### Name-Satyanistha Das
### Regd.No-2241004100

#  LASSO REGRESSION

###### Lasso regression or L1 Regularization , also known as Least Absolute Shrinkage and Selection Operator (LASSO), is a statistical method used in machine learning and regression analysis. It's a powerful technique for addressing issues like overfitting and feature selection.

###### Key Points:

###### Regularization: Lasso is a type of regularization technique. Regularization aims to balance the model's fit to the training data with its overall complexity. This helps prevent overfitting, where the model performs well on the training data but poorly on unseen data.

###### L1 Penalty: Unlike regular linear regression, Lasso adds a penalty term to the cost function. This penalty term is based on the absolute value (L1 norm) of the coefficients. Coefficients with a smaller impact on the model are shrunk towards zero, and some may even be driven to exactly zero.

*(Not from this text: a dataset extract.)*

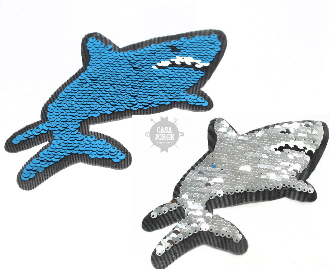 APLIQUES TERMOADHESIVO TIBURON DE LENTEJUELA REVERSIBLE ART 2676 DE 100 POR 150 MM POR UNIDAD MINIMO 50 UNIDADES

###### Feature Selection: This shrinkage property of Lasso leads to feature selection. Features with minimal contribution to the model have their coefficients reduced to zero, effectively removing them from the model. This helps identify the most important features for prediction.


###### Key advantages of Lasso regression:

###### Prevents overfitting: By penalizing large coefficients, Lasso discourages the model from becoming overly complex and fitting too closely to random noise in the training data.

###### Feature selection: Lasso performs automatic feature selection by driving unimportant features' coefficients to zero. This simplifies the model and improves interpretability.

###### Better generalization: By avoiding overfitting and selecting relevant features, Lasso regression models often generalize better to unseen data.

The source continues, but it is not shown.